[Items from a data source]
──────────────────────────────

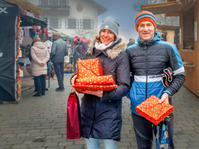 Mit vollen Händen und einem breiten Lächeln geht es über den Törwanger Dorfplatz: Ein Ehepaar freut sich über die gefundenen Geschenk-Schätze beim Samerberger Dorfadvent – und nimmt neben den Päckchen vor allem eines mit nach Hause: echte Vorfreude auf Weihnachten.
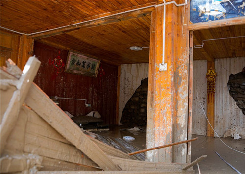 被洪水侵襲過(guò)的屋子,白色墻面已經(jīng)脫落,石頭裸露在外面。由于屋內(nèi)積滿了厚重的淤泥,村民們只好用簸箕拖著將淤泥拉出屋外。
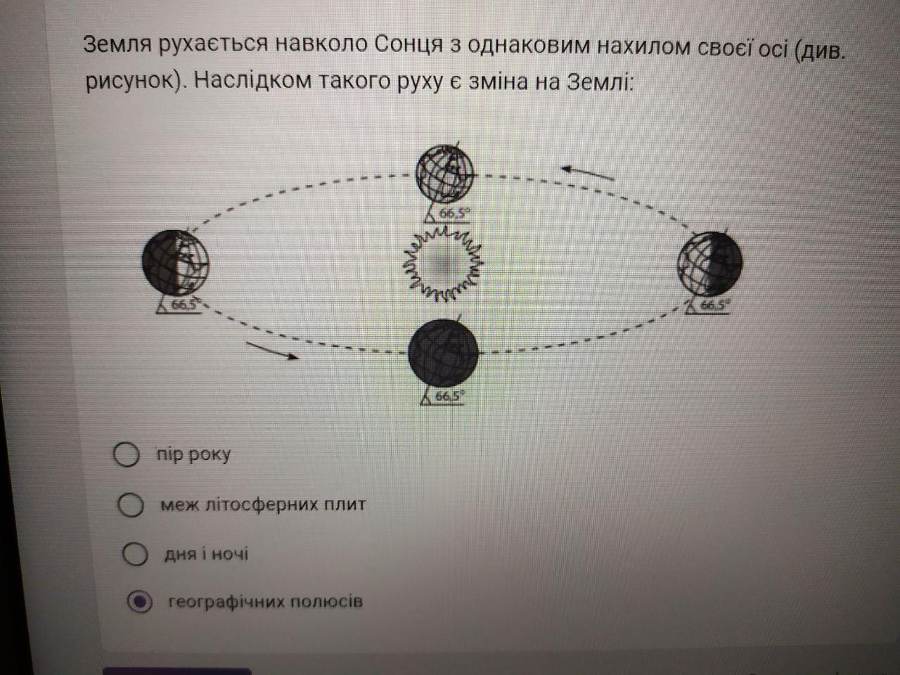 Земля рухається навколо Сонця з однаковим нахилом своєї осі (див. рисунок). Наслідком такого руху є зміна на Землі:
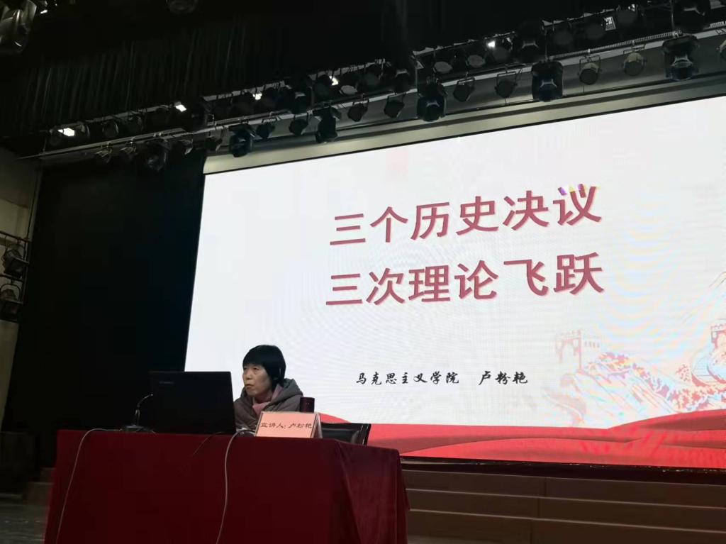 会上,我校党的十九届六中全会精神宣讲团成员、马克思主义学院教授卢粉艳,为与会人员作题为《三个历史决议 三次理论飞跃》全会精神学习辅导报告。报告从党的百年奋斗重大成就和历史经验、三个历史决议、三次理论飞跃等三方面,对全会精神进行了深刻阐释。
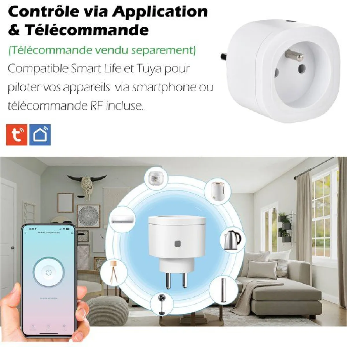 KYF prise connectée compacte intérieure 3680W – Wi-Fi 2,4 GHz + RF 433 MHz, blanche
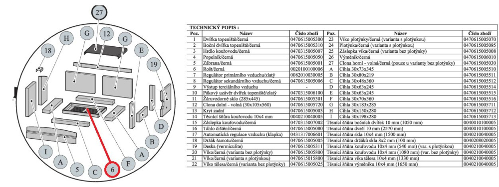 Díl je na pozici č. 6 ve výkresu, rošt o rozměrech 30x224x360 mm. Do topeniště je potřeba 1ks.
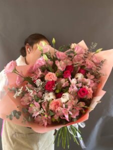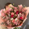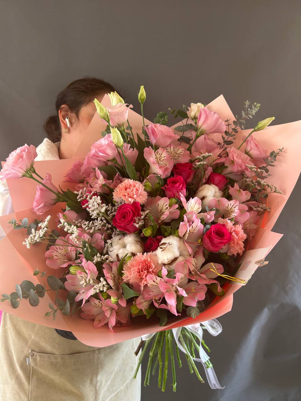 Насыщенный и выразительный букет, сочетающий страсть и элегантность. Глубокие оттенки розовых и красных роз, гвоздики, эустомы, альстромерии, хлопковые соцветия и эвкалипт — всё это оформлено в нежную розовую упаковку с декоративными лентами. Прекрасный выбор для романтических моментов, праздников или уютного декора.

──────────────────────────────

* _Task objective_
Each entry above should be written out verbatim, minus its pictures.

* _Result of this exercise_
 Mit vollen Händen und einem breiten Lächeln geht es über den Törwanger Dorfplatz: Ein Ehepaar freut sich über die gefundenen Geschenk-Schätze beim Samerberger Dorfadvent – und nimmt neben den Päckchen vor allem eines mit nach Hause: echte Vorfreude auf Weihnachten.
 被洪水侵襲過(guò)的屋子,白色墻面已經(jīng)脫落,石頭裸露在外面。由于屋內(nèi)積滿了厚重的淤泥,村民們只好用簸箕拖著將淤泥拉出屋外。
 Земля рухається навколо Сонця з однаковим нахилом своєї осі (див. рисунок). Наслідком такого руху є зміна на Землі:
 会上,我校党的十九届六中全会精神宣讲团成员、马克思主义学院教授卢粉艳,为与会人员作题为《三个历史决议 三次理论飞跃》全会精神学习辅导报告。报告从党的百年奋斗重大成就和历史经验、三个历史决议、三次理论飞跃等三方面,对全会精神进行了深刻阐释。
 KYF prise connectée compacte intérieure 3680W – Wi-Fi 2,4 GHz + RF 433 MHz, blanche
 Díl je na pozici č. 6 ve výkresu, rošt o rozměrech 30x224x360 mm. Do topeniště je potřeba 1ks.
 Насыщенный и выразительный букет, сочетающий страсть и элегантность. Глубокие оттенки розовых и красных роз, гвоздики, эустомы, альстромерии, хлопковые соцветия и эвкалипт — всё это оформлено в нежную розовую упаковку с декоративными лентами. Прекрасный выбор для романтических моментов, праздников или уютного декора.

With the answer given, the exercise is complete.